Here’s a simple HTML code which will serve the purpose.
<!DOCTYPE html>
<html>
<head>
<title>Sentiment Analysis</title>
<script src="https://ajax.googleapis.com/ajax/libs/jquery/3.5.1/jquery.min.js"></script>
<script>
$(document).ready(function () {
$("#submitBtn").click(function () {
var text = $("#textInput").val();
$.ajax({
type: "POST",
url: "https://europe-west1-hazel-tea-390307.cloudfunctions.net/sentiment_analysis_2",
data: JSON.stringify({ "text": text }),
contentType: "application/json",
success: function (response) {
$("#result").text("Sentiment: " + response);
}
});
});
});
</script>
</head>
<body>
<h1>Sentiment Analysis</h1>
<input type="text" id="textInput" placeholder="Enter a sentence" />
<button id="submitBtn">Submit</button>
<p id="result"></p>
</body>
</html>
This will provide a web page like below.
If you want to design it further, here is an example CSS code. But you must include the following line in the header of your HTML script.

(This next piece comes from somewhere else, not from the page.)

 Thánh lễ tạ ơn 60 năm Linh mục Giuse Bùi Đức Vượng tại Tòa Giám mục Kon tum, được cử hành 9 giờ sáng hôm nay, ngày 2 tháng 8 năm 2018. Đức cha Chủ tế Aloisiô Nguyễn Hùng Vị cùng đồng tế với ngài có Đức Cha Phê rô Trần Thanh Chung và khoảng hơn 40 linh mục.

<link rel="stylesheet" type="text/css" href="styles.css">
Add a CSS code, as per your preferred colours and designs, and name it as the “styles.css”.
Postman and API Endpoint
Postman is a popular collaboration platform and API development tool that allows you to make HTTP requests and test APIs. It provides a user-friendly interface for constructing and sending requests, inspecting responses, and debugging API interactions.
To use Postman for the above task of triggering the Google Cloud Function and performing sentiment analysis, follow these steps:
- Install Postman:
- Download and install Postman from the official website based on your operating system.

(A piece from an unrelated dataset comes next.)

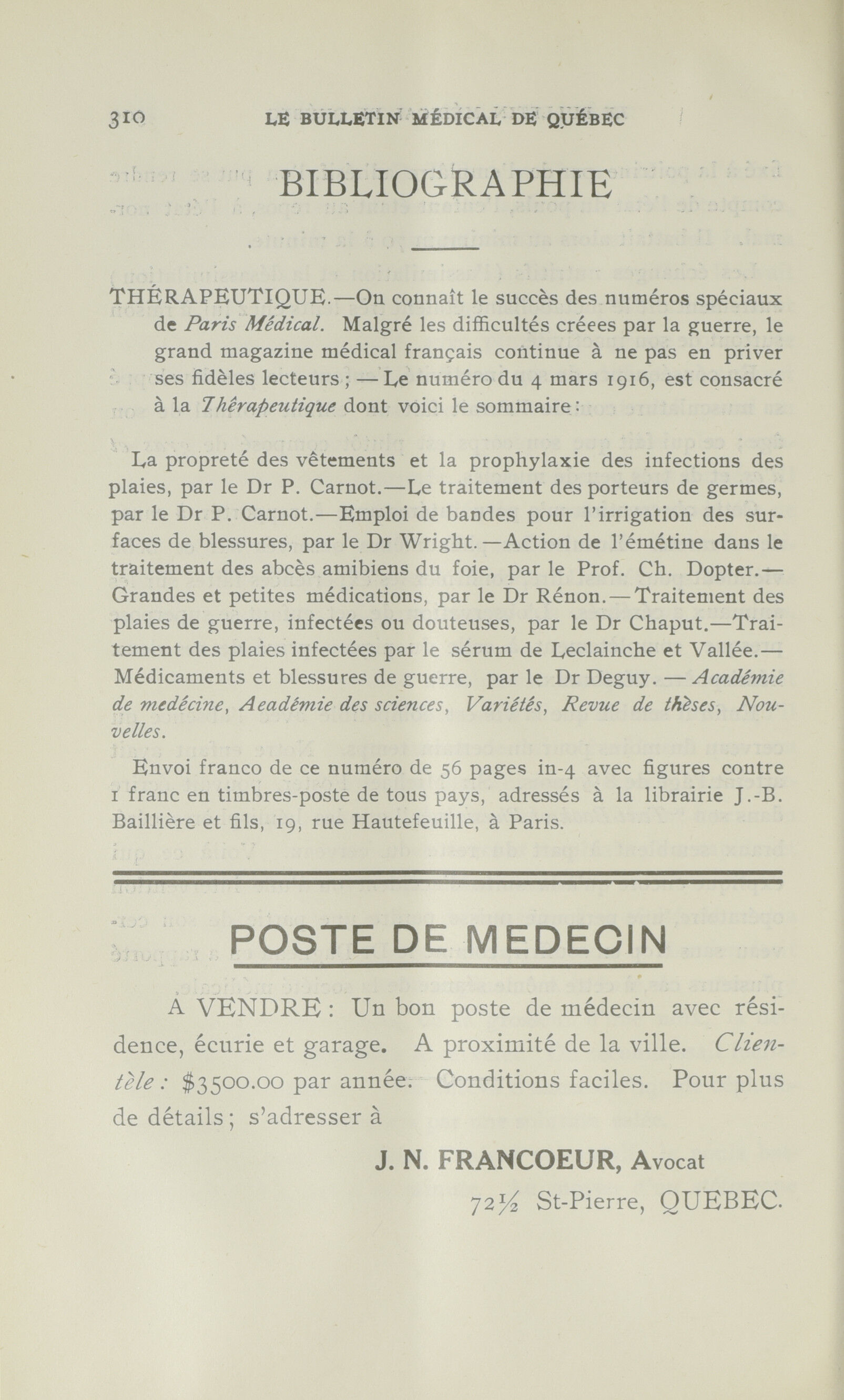 Le bulletin médical de Québec : Le bulletin médical de Québec : [avril 1916]

- Obtain the Google Cloud Service’s URL: Deploy your Google Cloud Service (Google Cloud Functions, Google Cloud Run etc…) and note down the URL endpoint that is generated.
- You may also run the web application in your local machine, in that case use the local host URL for an example:http://localhost:8080/sentiment-analysis
- You will need to create a new workspace in the Postman before creating a new Request.
- Configure Postman to Send HTTP Request: Open Postman on your machine.
- Select the “Request” tab to create a new request
- Choose the HTTP request method as “POST”.
- Enter the Cloud Function URL obtained earlier in the request URL field.
- Set the “Content-Type” header to “application/json”.
- In the request body, provide the input text as a JSON payload. For example:
{ “text”: “This is a sample text for sentiment analysis.” } |
- Click the “Send” button to send the request to the Cloud Function.
- View the Sentiment Analysis Result: Postman will display the response received from the Cloud Function. The sentiment analysis result (positive, negative, or neutral) will be included in the response body. You can inspect the response to see the sentiment analysis output.
Conclusion
In conclusion, we have explored the process of building a sentiment analysis web application using Hugging Face’s Transformer library, Python Transformers package and Google Cloud Storage Bucket. By leveraging the power of natural language processing, we learned how to analyse the emotions behind user-provided feedback. Our application, powered by a Python script, employed Hugging Face’s Transformer library to perform sentiment analysis. Showed a way to display the results on a user-friendly web interface, also made accessible through an API endpoint. We unlocked the potential of sentiment analysis and gained valuable insights from textual data. Continue to discover the world of sentiment analysis.